Self-Interest and Greed has always driven every agricultural subsidy program ever devised. Every one has been initiated to protect the food supply of the general populace, relatively all have been captured by large business enterprise, and made into a graft system. I grew up on a farm, and believe inherently in a subsidy program for agriculture; but I believe in one based upon established Costs, with overall limits. I like to call my projected agricultural subsidy program the Renter’s Profile. I would limit agricultural subsidies to Two-Fifths of the Cost of Fertilizer and Seed, and this payment limited to a total payment for 5000 acres of farmland per applicant entity. I would directly commit the Government to negotiation for the purchase of standard Fertilizers and Seed, in order to control the program. The Plan is simple, and easily implemented: the Costs of the Fertilizer and Seed must be proven, relatively easy with the Government being the primary Distributor. It is a program, though, which is bound to be opposed by All, as it gives no one an ability to play the system.
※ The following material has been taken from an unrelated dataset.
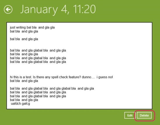 The app also allows you to delete unwanted entries. All you have to do is, open the entry by clicking on it and, click on Delete button.

Medical Care is much like the above mentioned agricultural subsidies program; if it can be gamed, it will be. I truly approve of the Japanese system of insisting General Practitioners maintain their own Hospital/Clinics, where their Patients stay. Specialists on contract visit Patients in these facilities, and ambulance services deliver Patients to Specialist clinics for both Testing and Surgery. The Patients return to the GP clinic/hospitals as soon as they are stabilized from whatever procedures they have endured at Specialist facilities. Ambulance attendants will be cross-trained as Nursing personnel, to promote a full Workday on their part, and to reduce the Costs of the Transport system. The medical underwriting program I would advise is payment of Two-Fifths of the total Costs on the first 5 hospital beds maintained at each location, and no more. Aid to Patients would be prevision of two Examinations per year, and nothing more; Proscription would be handled in an unique way: Doctors would be charged $5 per registered Proscription, Pharmacies charged with not filling any Proscription until it is registered; Doctors can buy Drugs in volume, but cannot charge their Patient for any Drug themselves—it must be included in the overall charge for clinic or Doctor visit to every Patient overall. It is a practice of using one suppressant of medical Cost to control overall Costs.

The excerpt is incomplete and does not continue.